TASK STATEMENT: Restate, word for word and with no pictures, the stretch of lines in the data below that begins at the line with "电视墙的设计继续沿用白色为主体的设计元素,搭配灰色艺术漆的背景" and ends at the line with "Hit the green", inclusive.
● ● ●
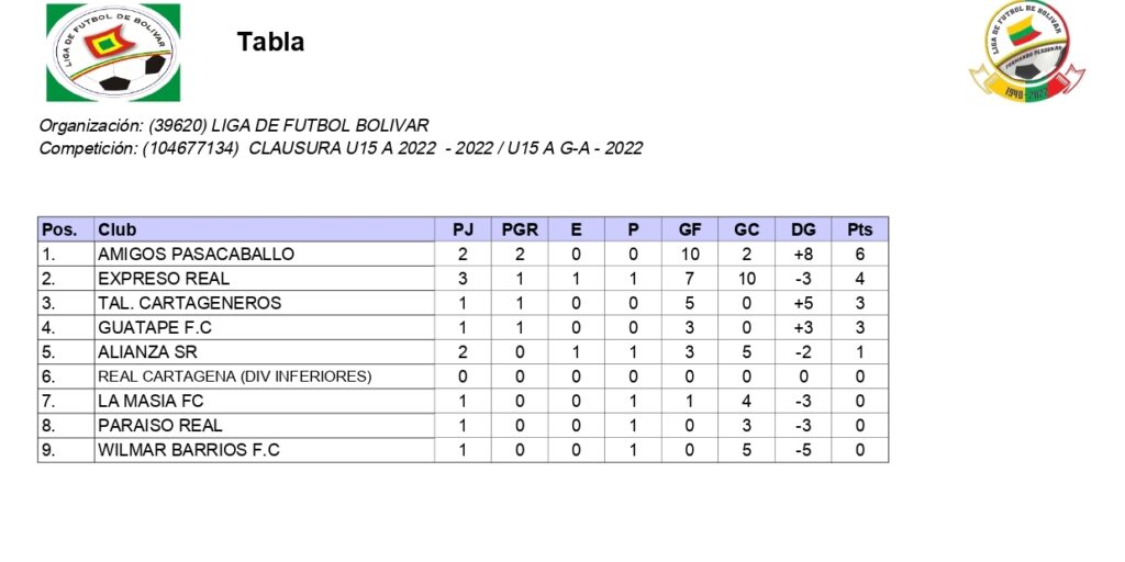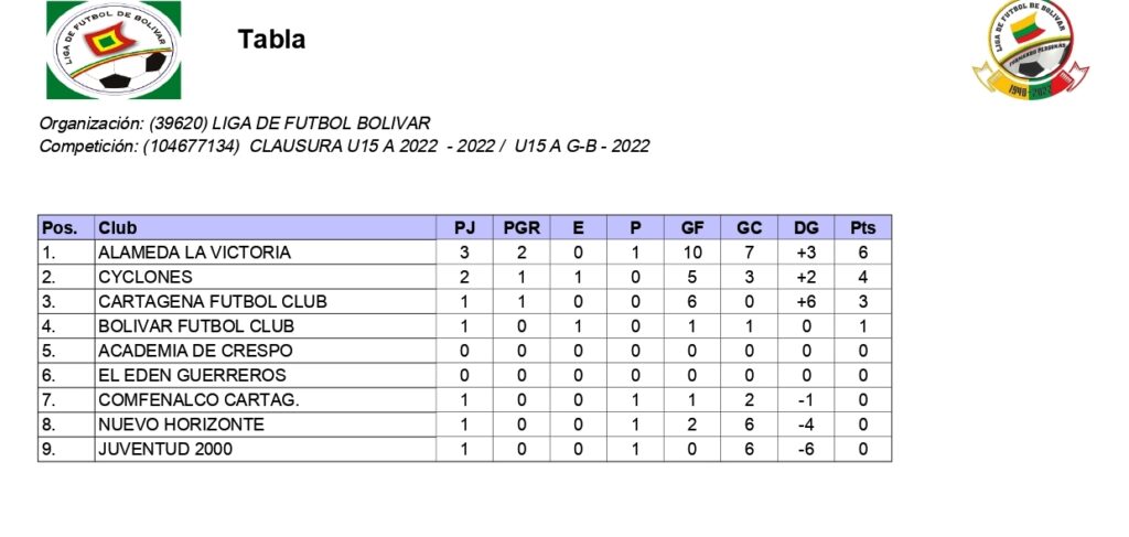 Tablas de pocision U15 B grupos A, B y C
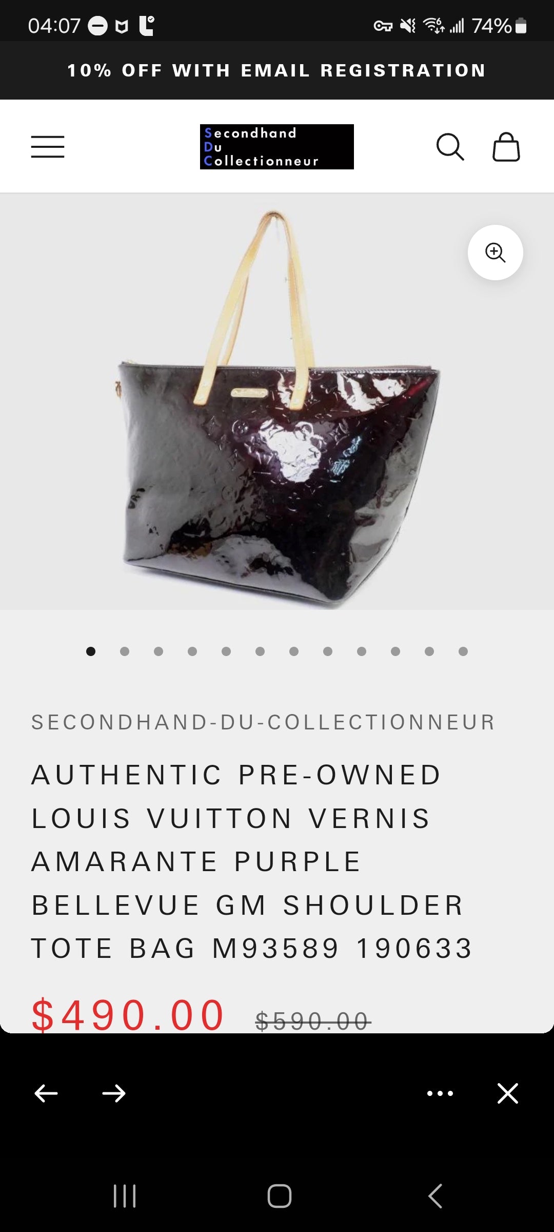 LOUIS VUITTON VERNIS AMARANTE PURPLE BELLEVUE GM SHOULDER TOTE BAG
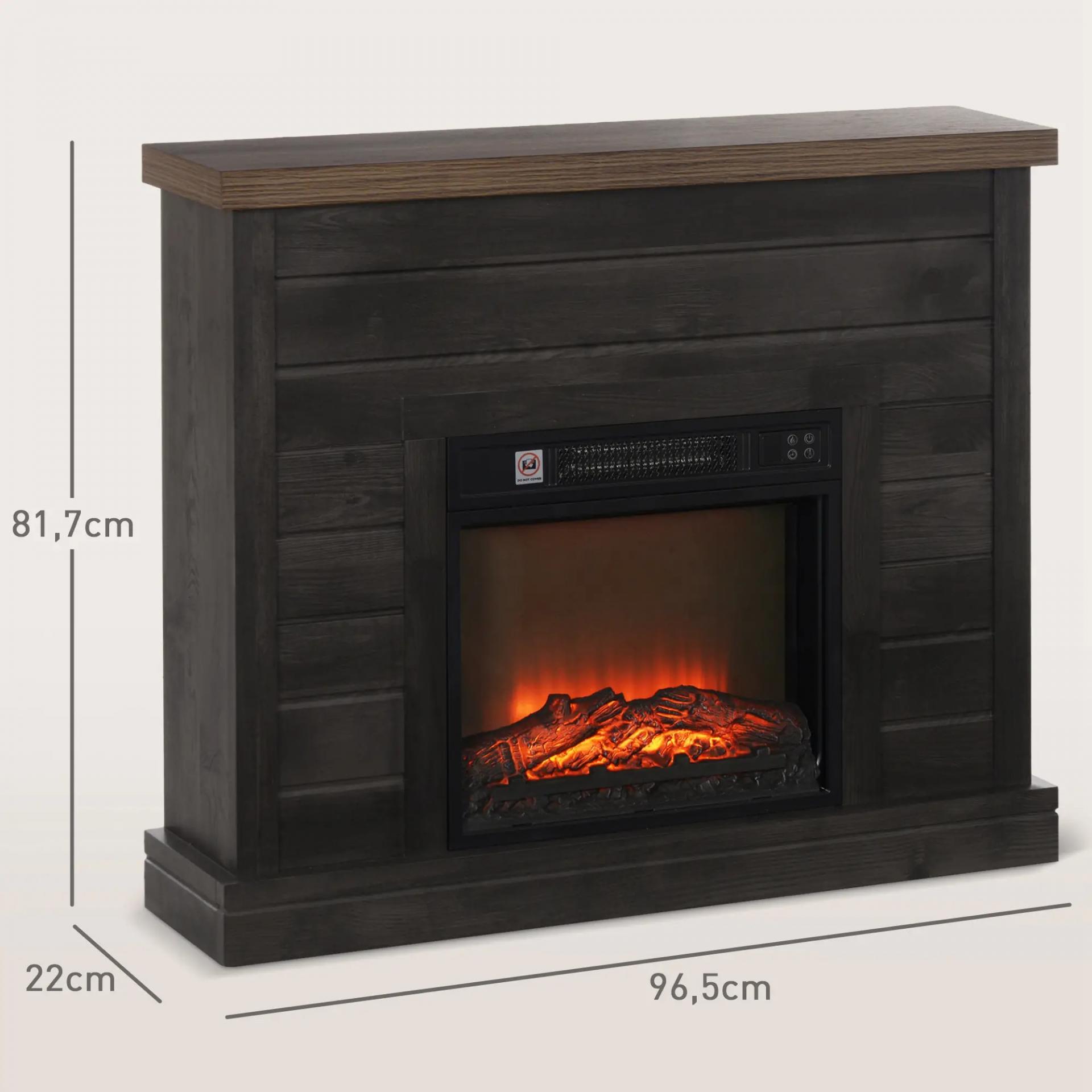 Chimenea Eléctrica 1800W con Efecto de Llama Mando a Distancia Temporizador Semanal para Sala 30 m² Gris Oscuro
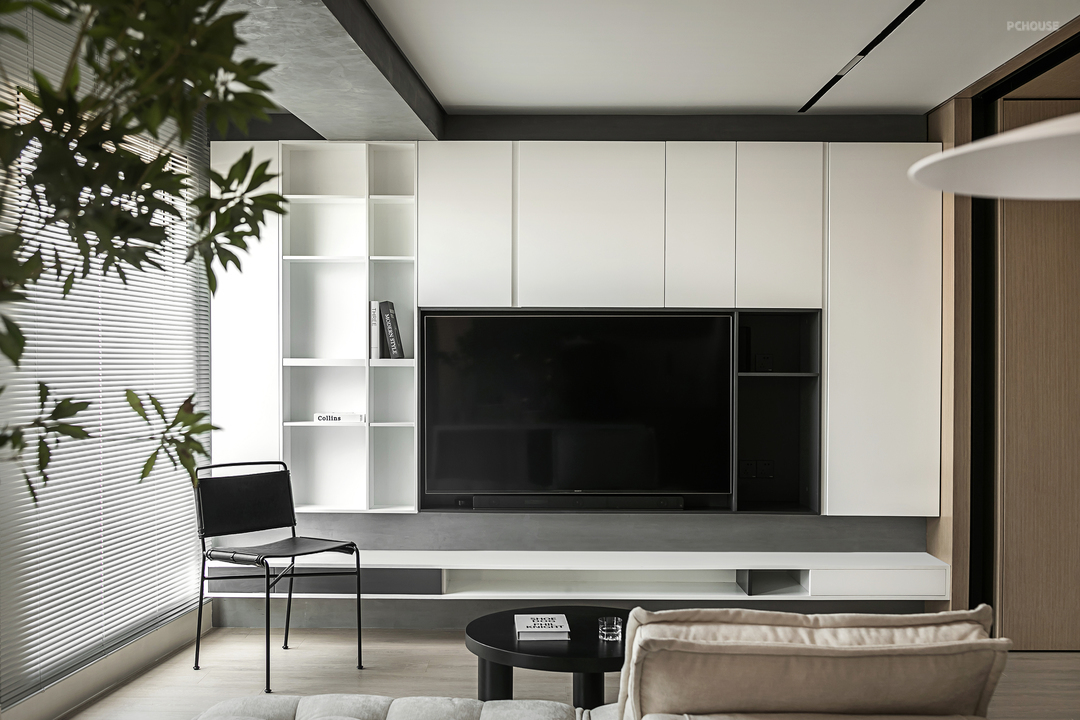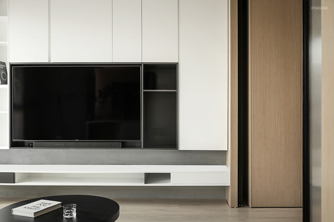 电视墙的设计继续沿用白色为主体的设计元素,搭配灰色艺术漆的背景
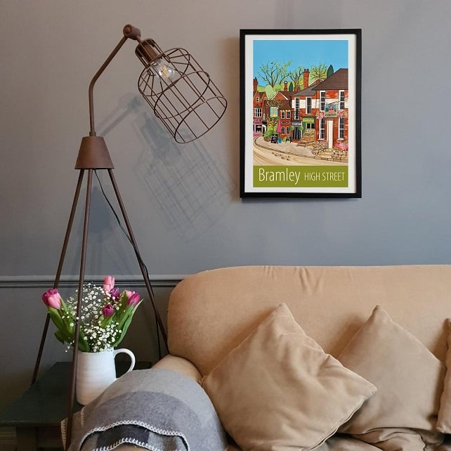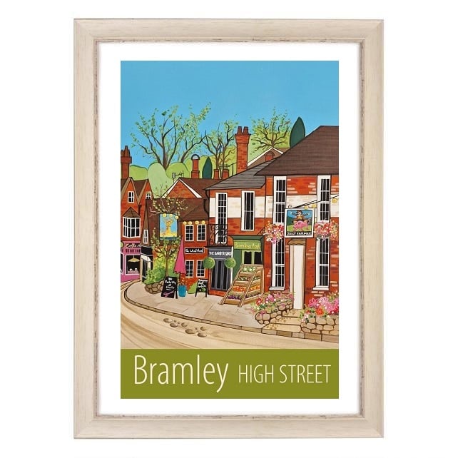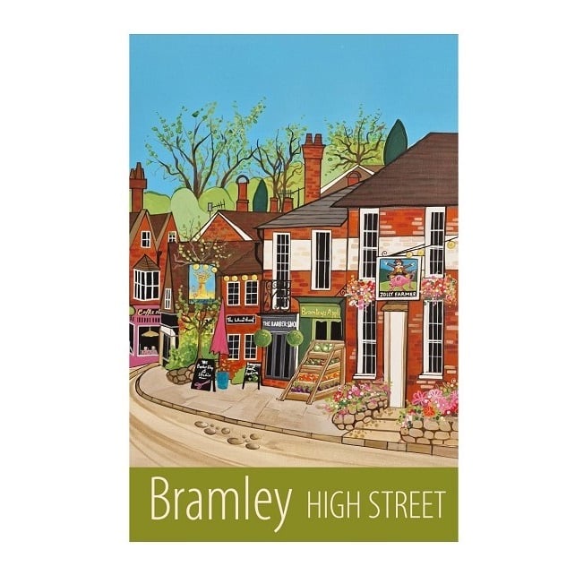 A contemporary travel poster style print of the lovely High Street in Bramley, Surrey, from my own original acrylic painting.
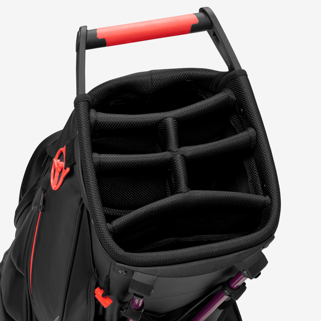 Hit the green with the right gear. From top to bottom, the Jordan Golf Bag has everything you need to knock in that hole-in-1. From its extensive 6-way divider system to the Air Jordan-inspired touches made to hold your towel and umbrella, you’ll be carrying the bag that will help level up your day on the course.
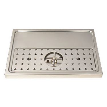 This tray is constructed of heavy gauge stainless steel with a durable plastic rinser. A cold water connection is required. This tray is designed to catch 2-4 faucets. You can plumb cold water to the rinser through a cold plate or through a refrigerated box.
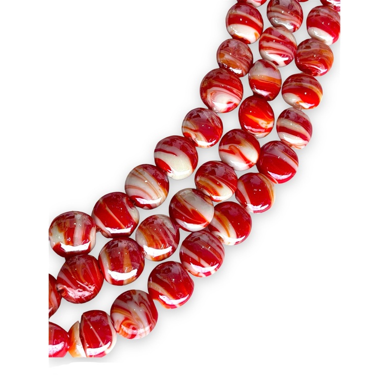 CTF100323270Red Lampwork Flat Round Bead Strand, 16mm
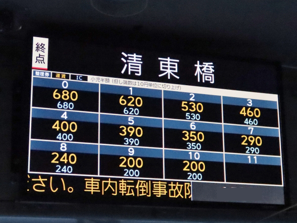 乗車したのはノンステレインボー。奥多摩といえばの車両。運賃は始発の奥多摩駅から現金680円でした。
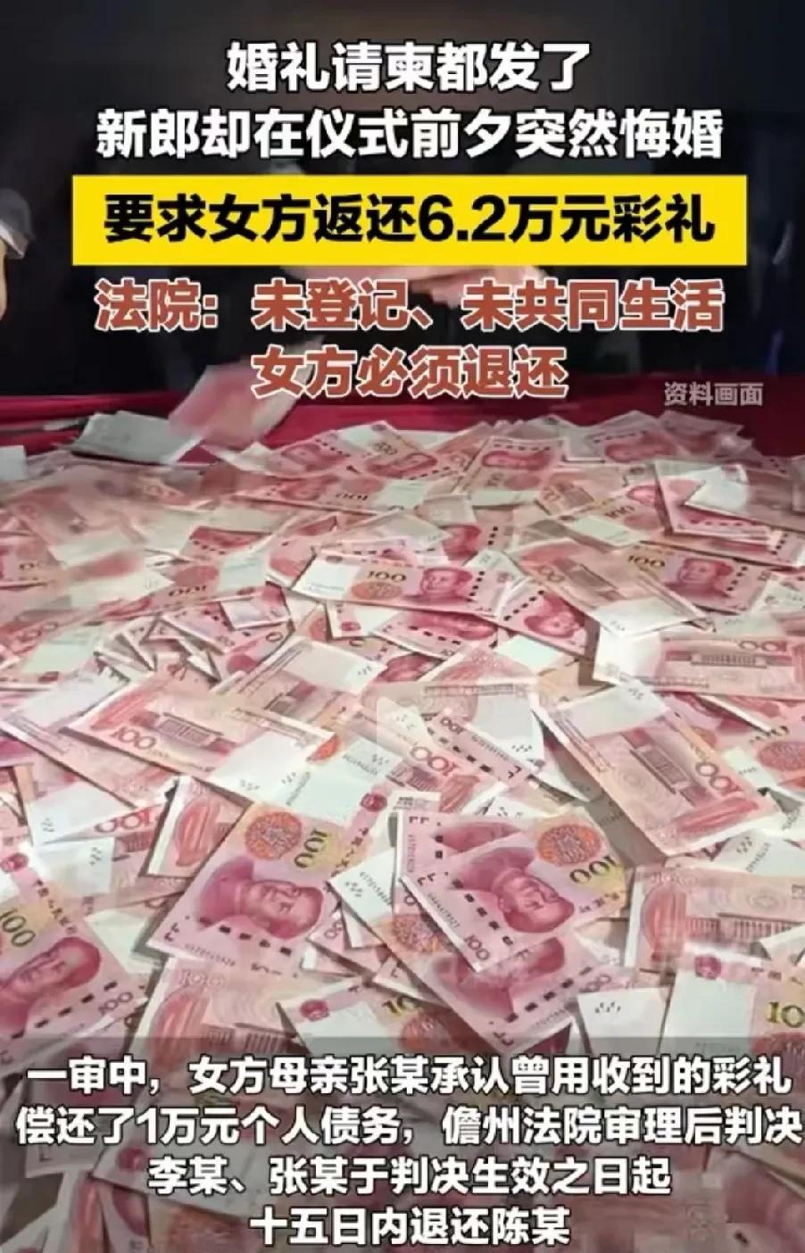 海南,女子把请柬都发出去了,不料,婚礼前夕男方突然悔婚,还要求女子返还6.2万元彩礼。女子退还了1万元后,不再归还剩余部分,表示剩余的彩礼都用于置办婚礼开销,而且男方的行为让她觉得丢尽了脸面,应当给她赔偿精神损失费。双方争执不下,闹上法庭,法院这样判! 8月5日,据极目新闻报道,男子婚礼前夕突然悔婚,还要求女方退还6.2万彩礼,却遭到女方拒绝。 陈先生和李女士即将步入婚姻殿堂,请柬都发出去了,可谁能想到,婚礼前夕却风云突变,闹得不可开交。 陈先生这一举动让李女士丢尽了脸面,真想找个地缝钻进去,她仿佛成为了亲朋好友眼中的笑柄。 2022年春节,经人热心介绍,陈先生和李女士相识了。 初次见面,两人都觉得对方还不错,一来二去,便开始交往起来。 那时候,他们心里都满是对未来生活的憧憬,想着说不定很快就能组建一个幸福的小家庭。 同年11月,双方家长坐到了一起,热热闹闹地协商起他们的结婚事宜。 陈先生也是诚意满满,同意向李女士及其母亲张女士支付6.2万元彩礼。之后,两人满心欢喜地定下了当年12月18日举办婚礼,还开始紧锣密鼓地筹备起来。 万万没想到,随着婚礼筹备的推进,各种琐事像潮水一般涌来,矛盾也随之不断升级。 从结婚照选哪家拍、登记时间定在哪天……到婚礼置办得怎样等等,两人的意见越来越不合,争吵越来越多。 陈先生心里越来越委屈,他觉得这场婚姻好像是“父母包办”的,自己和李女士之间其实缺乏深厚的感情基础。 更为关键的是,陈先生觉得李女士对他态度也一直不冷不热的,这让他心里很不是滋味。 终于,在婚礼前夕,陈先生实在忍受不了,一咬牙提出了分手,还要求李女士返还那6.2万元彩礼。 李女士一开始倒也爽快,同意退钱,还在2022年12月24日退还了陈先生1万元。 可第二天,她就反悔了,她觉得家人为了这场婚礼忙前忙后,彩礼早就用在置办婚礼开销上了,还有一部分还了家里的债,哪还能退啊。 而且这是陈先生突然悔婚,这些办婚礼的损失就应该由陈先生来承担。 更何况,陈先生这样的做法,让她在亲朋好友面前丢尽了脸面,她还想要精神损失费呢,这笔彩礼说什么也不能退还。 陈先生追讨无果,只好一纸诉状将李女士和她母亲张女士告上了法庭。 法庭上,张女士承认用收到的彩礼偿还了1万元个人债务。 一审法院审理后,判决李女士和张女士在判决生效之日起十五日内退还陈先生的彩礼5.2万元。 李女士和张女士哪能服气,立马提起上诉,还要求陈先生赔偿李女士的精神损失费5万元和误工费6000元。 二审法院经过详细调查,查明陈先生确实给了李女士6.2万元彩礼。可收了彩礼后,两人既没登记结婚,也没共同生活,张女士还把彩礼拿去还债和开销了。 依据《民法典》婚姻家庭编的司法解释规定:当事人请求返还按照习俗给付的彩礼的,如果查明属于以下情形,人民法院应当予以支持: (一)双方未办理结婚登记手续;(二)双方办理结婚登记手续但确未共同生活……。 陈先生与李女士虽已按习俗支付彩礼并筹备婚礼,但双方既未办理结婚登记,也未共同生活,符合返还彩礼的法定情形。 陈先生给付彩礼的直接目的是缔结婚姻关系,张女士将部分彩礼用于偿还个人债务及婚礼开销的行为,属于单方面处置财产,且无法证明该支出与婚姻目的直接相关。 李女士主张陈先生赔偿精神损失费5万元及误工费6000元,但未能提供证据证明陈先生存在过错行为或其精神损害达到“严重”程度。 误工费的主张同样缺乏依据。李女士未提供因筹备婚礼导致收入减少的证明,且误工费通常适用于人身损害赔偿场景,与彩礼纠纷无关。 综上,二审法院认为,李女士应当退还彩礼,除已退还的1万元,判决李女士退还剩下的5.2万元彩礼。 至于李女士主张陈先生悔婚在前,彩礼已花光不应退,还有让陈先生赔偿误工费和精神损失费,都缺乏事实和法律依据,法院不予支持。 对于李女士的遭遇,大家有什么看法呢?欢迎留言讨论。 关注@亚伟说法 ,多学法律,少走弯路!
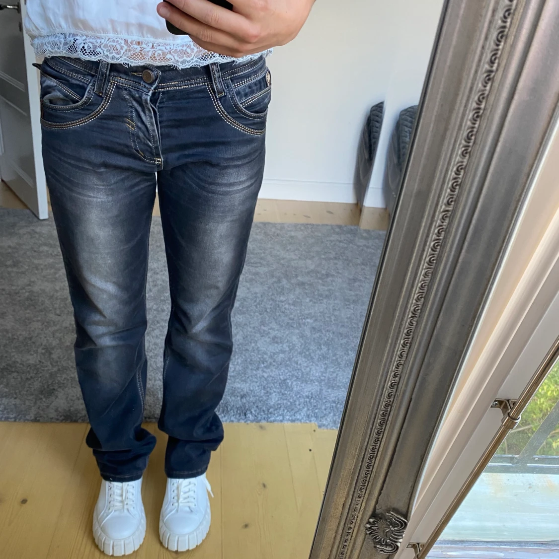 Säljer dessa unika och snygga jeansen med coola sömmar. De är köpte här på plick och är tyvärr lite för stora. Okänt märke och storlek. Jag själv brukar ha storlek 38 men de är som sagt lite stora i midjan på mig.
● ● ●
EXPECTED ANSWER:
 电视墙的设计继续沿用白色为主体的设计元素,搭配灰色艺术漆的背景
 A contemporary travel poster style print of the lovely High Street in Bramley, Surrey, from my own original acrylic painting.
 Hit the green with the right gear. From top to bottom, the Jordan Golf Bag has everything you need to knock in that hole-in-1. From its extensive 6-way divider system to the Air Jordan-inspired touches made to hold your towel and umbrella, you’ll be carrying the bag that will help level up your day on the course.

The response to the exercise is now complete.